The study was approved by the Ethics Committee of the Hospital Universitario Ramón y Cajal. Madrid. Spain (approval date: 26 November 2024, code: ACTA 472) and in each collaborating center. The consent exemption was approved by the Ethical Committee due to the retrospective nature of the study. Informed consent was requested only for patients who continued follow-up.

Outcomes and variables

The main efficacy endpoint was the proportion of patients who were complete responders (mean UFC < ULN or adrenal insufficiency (AI) development). In addition, we evaluated the proportion of partial responders (mean UFC > ULN and with > 50% reduction from baseline levels) and non-responders (mean UFC > ULN and with < 50% reduction from baseline). This information was evaluated after 2 weeks of treatment, after 1 and 3 months and at the last available follow-up visit. However, due to the retrospective nature information of UFC was not available in all patients at these different time points. In addition, we have evaluated the time necessary to achieve hypercortisolism control.

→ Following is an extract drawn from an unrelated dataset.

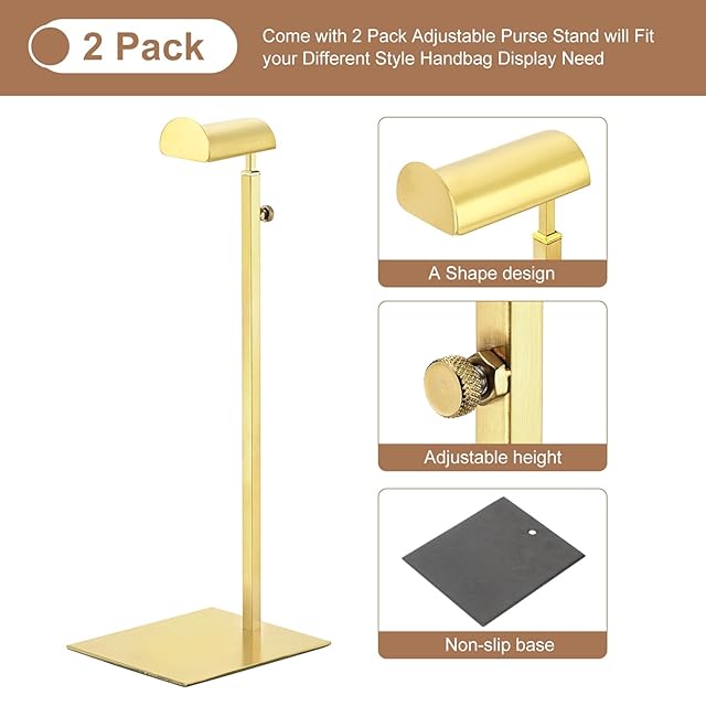 2個:金属製ハンドバッグディスプレイスタンドでハンドバッグや財布をスタイリッシュにディスプレイしましょう。光沢のある電気メッキ仕上げが、どんな場所にも洗練された雰囲気を添えます。長持ちする色あせしない仕上げにより、ハンドバッグスタンドは何年も新品同様の状態を保ちます。自宅、小売店、ショールームに最適です。

UFC and late-night salivary cortisol (LNSC) were measured using standard CLIA, ELISA and radioimmunoassay and the normal range was different across center. Thus, we estimated the deviations above the ULN for each UFC and LNSC values.

As secondary outcomes, we evaluated the evolution of BP, serum potassium levels, body weight (kg), glucose levels, HbA1c and lipid profile after treatment. This information was registered before osilodrostat treatment and after 1 and 3 months and at the last available follow-up visit.

Escape from response was defined as mean UFC > ULN on at least one consecutive visit at the highest tolerated osilodrostat dose after previously attaining UFC normalization. Safety and tolerability of osilodrostat treatment were assessed at month 1, 3 and at the last follow-up visit.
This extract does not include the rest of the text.